Tuesday, June 2, 2009


The enormous Chilehaus, massive as it is, is not even the largest Counting House (“Kontorhaus”) within Hamburg’s Counting House Quarter (“Kontorhausviertel”).

That distinction belongs to Sprinkenhof, a truly monstrous building built in three stages between 1927 and 1943. Sprinkenhof, like Chilehaus, is the work of architect Fritz Hoger.

In the photograph below, Sprinkenhof is in the lower right-hand corner. It almost dwarfs nearby Chilehaus—indeed, it almost dwarfs the entire Counting House Quarter—and it is hard to walk around the Counting House Quarter without bumping into Sprinkenhof again and again.

I did not appreciate Sprinkenhof—it stuck me as a large, unattractive office building, nothing more—and no one else liked it, either. Andrew and his mother thought it was an eyesore.

We were surprised, therefore, when we learned that Sprinkenhof appears on UNESCO’s list of protected World Heritage Sites.

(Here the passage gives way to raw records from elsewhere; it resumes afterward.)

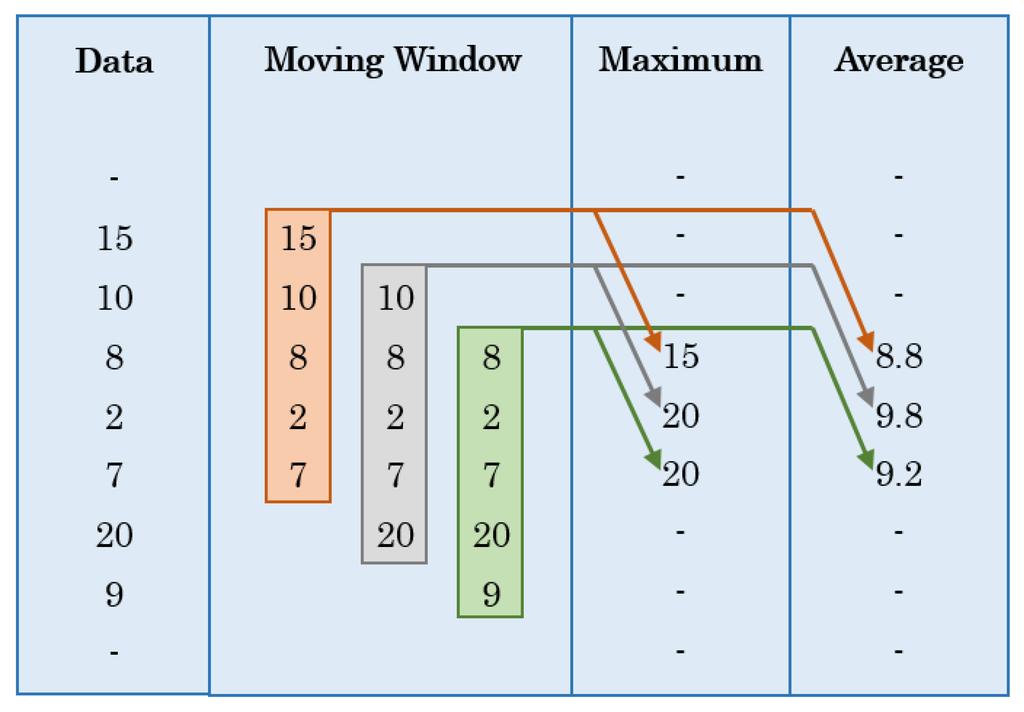 Most of the extracted features are quite straightforward. Skewness measures the lack of symmetry of a given dataset. A dataset is symmetric if it looks the same on both sides of the center point. On the other hand, kurtosis measures the flatness of the dataset, determining whether the dataset or distribution is peaked or flat around the mean, relative to normal distribution. After average resultant accelerations were calculated, they were used to calculate maximum average resultant accelerations in the same way as resultant accelerations were used to calculate maximum resultant accelerations, over each window. All features/variables, except resultant acceleration, were calculated by employing a moving window concept [50]. For the purpose of smoothening the data and reducing the effect of the outliers, the concept of moving window was used where a certain number of readings, defined by the window size, were used to apply an operation (e.g., average, maximum, etc.) at a certain data entry level and this window moved downwards as the calculations proceeded along the data column. Suppose five data readings fall in 1 min window, then Figure 8 shows an example of how moving window concept is applied.
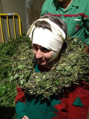 Then, they cover the head with gauze to hold the mask correctly onto the face. Between the mask and the costume, they wear a green plant (Clematis vitalba) wreath to protect the “Ple” from the fire.
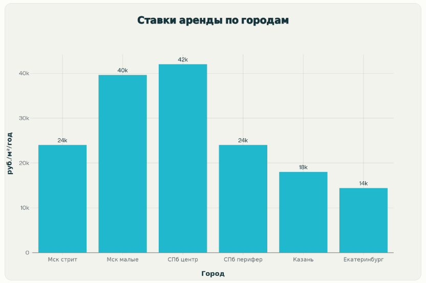 - Вакантность: 7,7% — исторический минимум, но растущий тренд указывает на перенасыщение определённых форматов (особенно магазины продуктов)
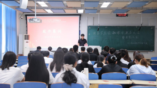 大会伊始,全场起立行注目礼。在激昂雄壮的《义勇军进行曲》中,与会师生齐声高唱国歌,爱国情怀与集体荣誉感在每个人心中激荡,为整个活动奠定了庄严而热烈的基调。
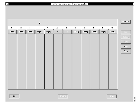 Step 2 Click on the push button below the number of the slot that you want to configure. This button is labeled Empty, or, if it has been previously configured, it is labeled with an abbreviation for the card type. After you click on a push button, card configuration attributes are displayed across the top of the dialog box (see Figure 3-7).
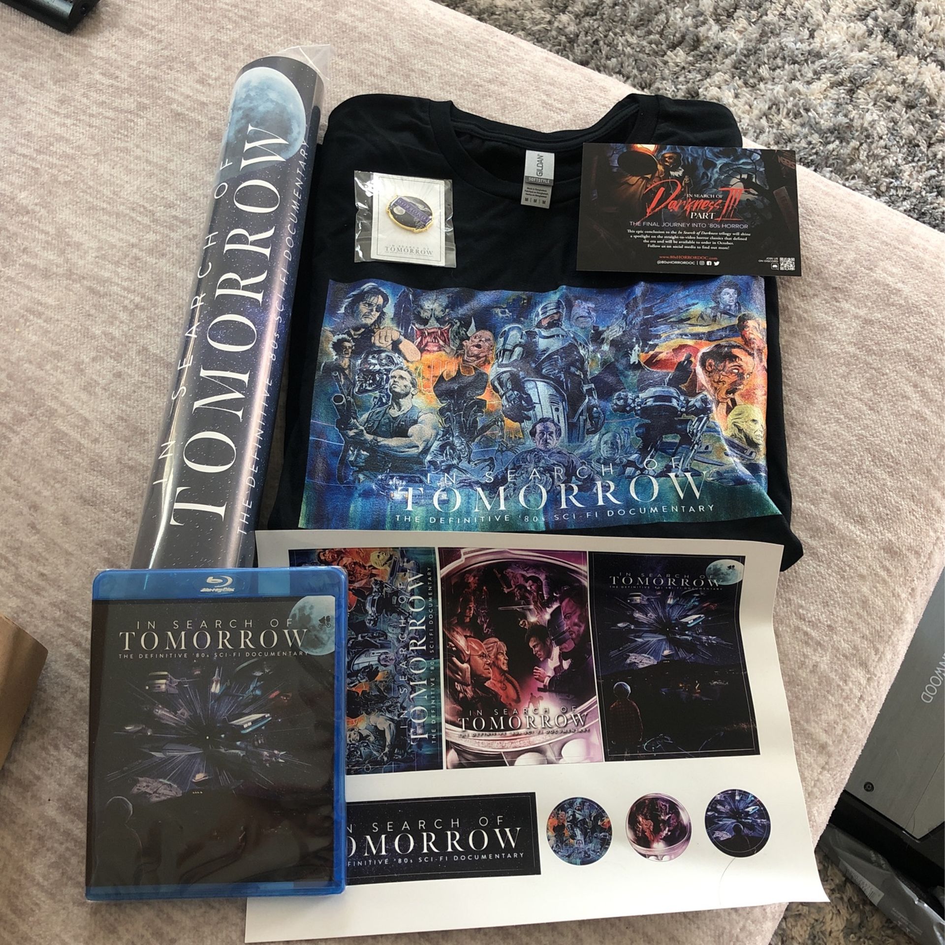 In search of tomorrow T shirt size medium, poster, stickers, pin and DVD. Brand new never opened
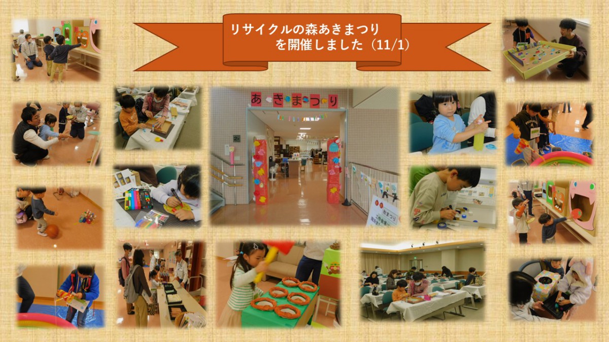 今年で3回目となるリサイクルの森あきまつりを11/1(土)に開催しました。今年も「遊んで・作って・楽しむ」をコンセプトに6つのゲームブースをス点数に応じた景品をお持ち帰りいただきました。
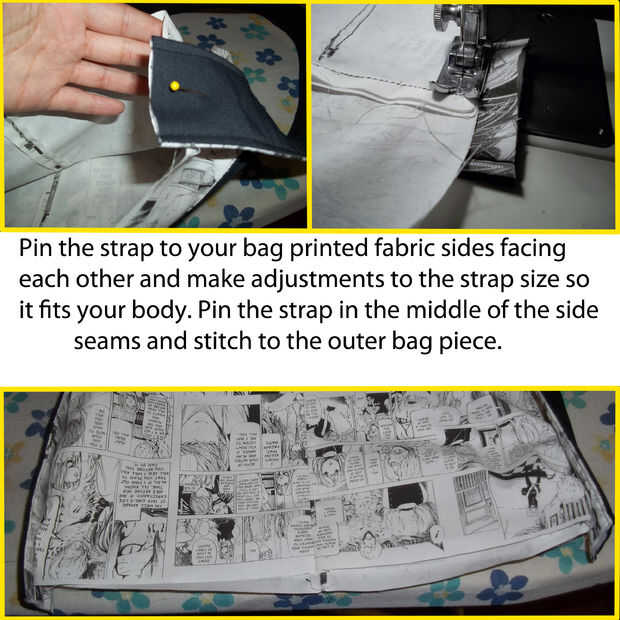 1. Pasador de la correa a tu bolsa impresa caras de tela uno frente al otro y hacer ajustes en el tamaño de la correa para que quede su cuerpo. (Que tendrás que recortar unos poquitos si es pequeño) Pasador de la correa en medio de las costuras laterales y coser a la pieza de la bolsa exterior.
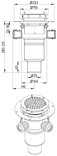 Afløbsretning:Lodret udløb med sideindløb
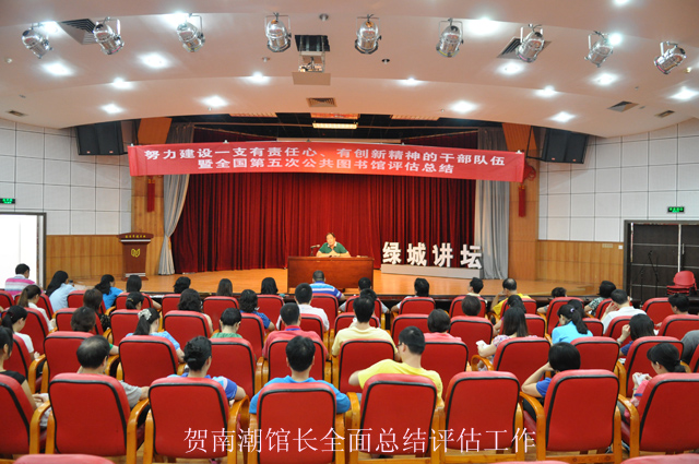 随后,贺南潮馆长还就本馆的评估工作进行了全面总结。今年开年以来,我馆始终高度重视全国第五次公共图书馆评估工作,把评估工作当做上半年重点工作来抓,专门成立评估工作领导小组,认真组织职工研读评估标准和细则,统一思想、提高认识,精心准备。通过评估小组成员严谨有序地工作,并在完成全市12个县、城区公共图书馆的评估的基础上,顺利完成了本馆的迎评任务。会上,贺馆长向大会通报了本馆在本次评估中的得分、主要扣分点等情况,深刻总结了此次评估的经验、教训和不足,敦促全体同志认清存在的问题,找准工作思路,改进工作方式,从而实现“以评促进”的根本目标。
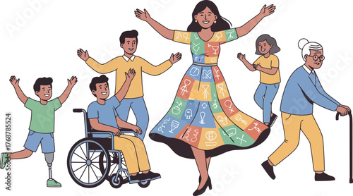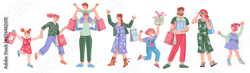 Люди празднуют рождественскую вечеринку, плоская векторная изолированная иллюстрация. Семейные персонажи, взрослые и дети, коллеги, друзья танцуют и веселятся. Празднование зимних праздников.
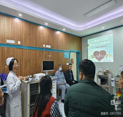 同时,我们举行了心肺复苏的教学,用通俗易懂语言讲解心肺复苏急救技能的基础知识及步骤,着重强调了心源性猝死急救“黄金4分钟”的重要性,并就如何判断病人意识和心跳呼吸情况、评估现场环境安全、正确摆放体位、胸外按压操作要领及如何评估心肺是否复苏成功等进行了重点讲解。也让发病早期出现心律失常等并发症的患者学会自救可以得到复苏的机会。
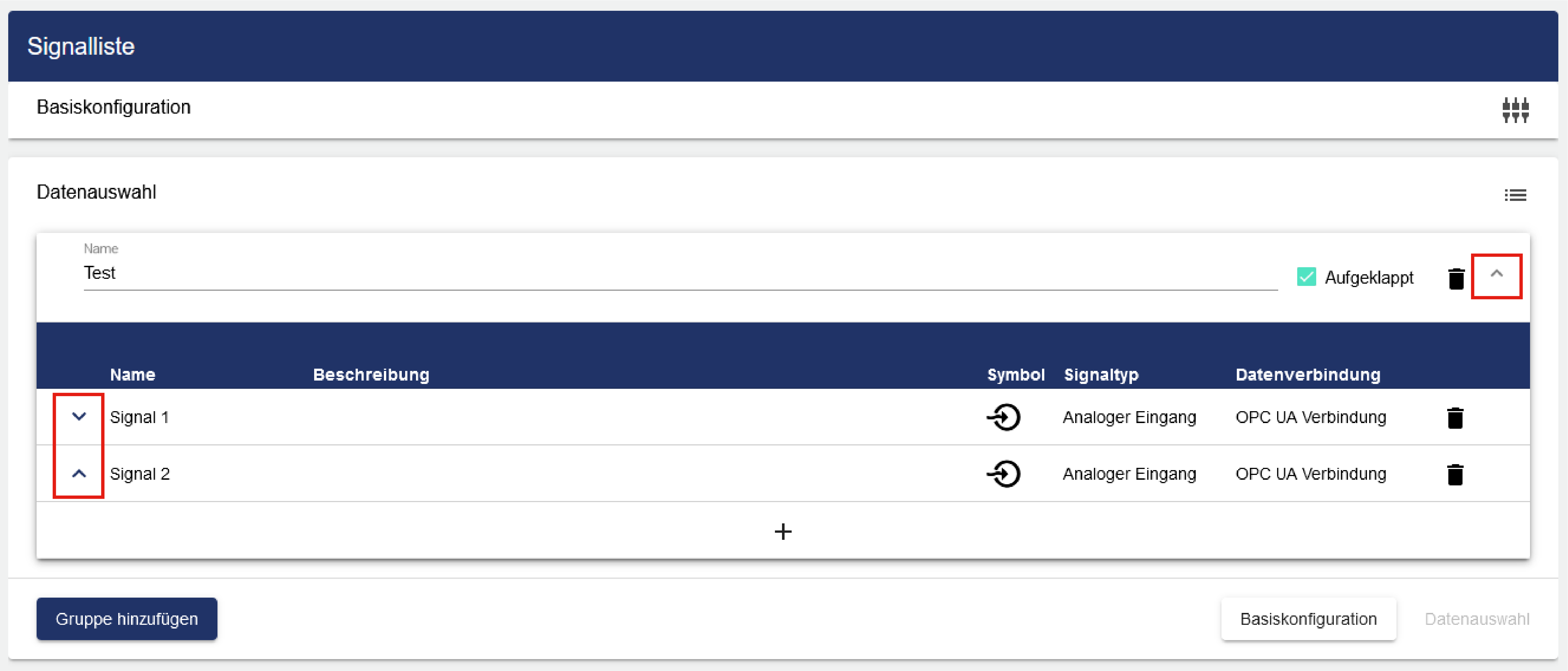 In der Datenauswahl können Sie über “Gruppe hinzufügen” eine oder mehrere Gruppe/n einfügen. Über die Pfeile kann man die Reihenfolge der Gruppen verändern. Diese werden dann gemäß der zuvor angelegten Reihenfolge sortiert. Der Namen ist beliebig. Mit dem Feld “Aufgeklappt” gibt man an, dass die Gruppe immer vollständig sichtbar ist oder reduziert dargestellt wird. Mit einem Klick auf die Zeile oder das Pfeilsymbol auf der rechten Seite wird die Gruppe manuell auf- oder eingeklappt.

In fact, Hamburg’s entire Counting House Quarter has been deemed a World Heritage Site owing to its status as “the first dedicated office district on the continent of Europe”. Of the Quarter, UNESCO has this to say:

The special identity of this Kontorhaus District, which is among Germany's most impressive cityscapes of the 1920s, is due in part to the fact that the ground plans of the buildings coincide with the outlines of the blocks, to make full use of the available land - an approach chosen deliberately in view of the purely commercial purpose of the buildings. The proportions of the buildings are designed to make use of the maximum height, adding further height by means of stepped-back upper storeys. The formal language of the major buildings is a variant of the "New Construction" style of the 1920s, characterised by their proportions and the use of decorative sculptural elements, with a more restrained version of this style used in the 1930s. The combination of the building material used, that is dark-coloured, hard-fired brick (clinker), and use of the Kontorhaus construction style, results in an overall complex that is characteristic of Hamburg, and is not found anywhere else even in related form. The Kontorhaus District includes heritage buildings of the highest calibre within a small area.

Those are strong claims, and surely not everyone accepts them. I submit that most persons, including most architects, that walk around Hamburg’s Counting House Quarter would be quite surprised—perhaps even stunned—to learn that they were traversing an area now under historic preservation protection.

In the U.S., such buildings would have been replaced no later than the 1980’s, and no one would have given a second thought to their passing.

I wonder whether Eero Saarinen would agree that the Kontorhausviertel deserves protected status.